Eine Umfrage des Meinungsforschungsinstituts Emnid im Auftrag des Deutschen Verkehrssicherheitsrates (DVR) ergab, dass 26 Prozent der 1000 Befragten mindestens einmal schon am Steuer eingenickt sind (Männer: 34 Prozent, Frauen: 16 Prozent). Noch dramatischer sind die Zahlen bei Brummi-Fahrern: Von 353 Befragten gaben 46 Prozent an, einmal oder mehrmals während des Fahrens eingeschlafen zu sein.

„Schläfrigkeit am Steuer ist ein extrem unterschätztes Problem“, warnt die Mannheimer Schlafmedizinerin Maritta Orth. Schläfrige Fahrer würden sich selbst überschätzen, wenn sie meinten, sich permanent im Griff zu haben. Untersuchungen im Fahrsimulator hätten ergeben, dass die meisten gar nicht mitkriegten, wenn das Gehirn kurzzeitig auf Standby-Modus schaltet.

„Gegen Müdigkeit hilft nur Schlaf“

Die Ursache für Sekundenschlaf ist nicht nur Schlafmangel. Auch Stress, Schichtarbeit und Termindruck können dazu führen, dass man übermüdet am Steuer sitzt. Der DGSM zufolge können 15 bis 20 Prozent der in Deutschland zugelassenen Medikamente wie Schlaftabletten, Psychopharmaka, Antibiotika, Grippe- oder Schmerzmittel die Fahrtauglichkeit beeinflussen. Rund zehn Prozent der Bevölkerung leiden zudem an Ein- und Durchschlafstörungen, was zu chronischer Übermüdung führen kann.

Gerade das Fahren auf Autobahnen mit den wenigen Ablenkungen und der oft eintönigen Umgebung verführt zum Einnicken. Weeß: „Monotonie ist ein Stimulus für Schläfrigkeit.“ Nach Angaben des Schlafmedizinischen Zentrum der Universität Regensburg ereignen sich viele Unfälle durch Schläfrigkeit zwischen 3 und 6 Uhr sowie 13 und 15 Uhr. Die biologische Leistungsfähigkeit des Organismus und die Konzentrationsfähigkeit des Gehirns sinken in dieser zeit auf ein Tief. Es ist ein weitverbreiteter Irrglaube, sich mit Kaffee, Energy-Drinks, lauter Musik und Frischluft beim Fahren wachhalten zu können. „Gegen Müdigkeit“, sagt Maritta Orth, „hilft nur eins: Schlaf.“

Tipps gegen Sekundenschlaf

Warnsignale beachten: Müdigkeitsattacken können sowohl bei kurzfristigem Schlafmangel als auch bei chronischen Schlafstörungen auftreten. Körperliche Vorboten sind Augenbrennen, schwere Augenlider, Gähnen und Frösteln.
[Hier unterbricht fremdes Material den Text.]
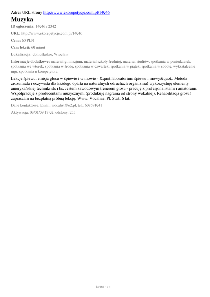 Adres URL strony http://www.ekorepetycje.com.pl/14046 Muzyka ID ogłoszenia: 14046 / 2342 URL: http://www.ekorepetycje.com.pl/14046 Cena: 60 PLN Czas lekcji: 60 minut Lokalizacja: dolnośląskie, Wrocław Informacje dodatkowe: materiał gimnazjum, materiał szkoły średniej, materiał studiów, spotkania w poniedziałek, spotkania we wtorek, spotkania w środę, spotkania w czwartek, spotkania w piątek, spotkania w sobotę, wykształcenie mgr, spotkania u korepetytora Lekcje śpiewu, emisja głosu w śpiewie i w mowie - "laboratorium śpiewu i mowy". Metoda zrozumiała i oczywista dla każdego oparta na naturalnych odruchach organizmu! wykorzystuję elementy amerykańskiej techniki sls i bs. Jestem zawodowym trenerem głosu - pracuję z profesjonalistami i amatorami. Współpracuję z producentami muzycznymi (produkuję nagrania od strony wokalnej). Rehabilitacja głosu! zapraszam na bezpłatną próbną lekcję. Www. Vocalize. Pl. Staż: 6 lat. Dane kontaktowe: Email: [email protected], tel.: 608691041 Aktywacja: 03/01/09 17:02, odsłony: 255 Strona 1 / 1

Auch Verschalten oder Schwierigkeiten beim Spurhalten des Autos sind Alarmsignale für die nachlassende Aufmerksamkeit.

Erste Hilfe: Bei den ersten Anzeichen von Müdigkeit sollte man rasten, um Sauerstoff zu tanken und für zehn bis 20, maximal 30 Minuten auszuruhen. Wer nicht schlafen kann, sollte seinen Kreislauf durch Bewegung (joggen, Kniebeugen) an der frischen Luft in Schwung bringen.

Müdigkeit vorbeugen: Bei Dunkelheit produziert das Gehirn den Botenstoff Melatonin, der Müdigkeit hervorruft und den Schlaf fördert. Deshalb ist es wichtig, die nachlassende Aufmerksamkeit und aufkommende Schläfrigkeit rechtzeitig wahrzunehmen und grundsätzlich alle zwei Stunden zu pausieren. Nach drei bis vier Stunden oder noch später eine Rast einzulegen, erhöht das Risiko für Sekundenschlaf erheblich.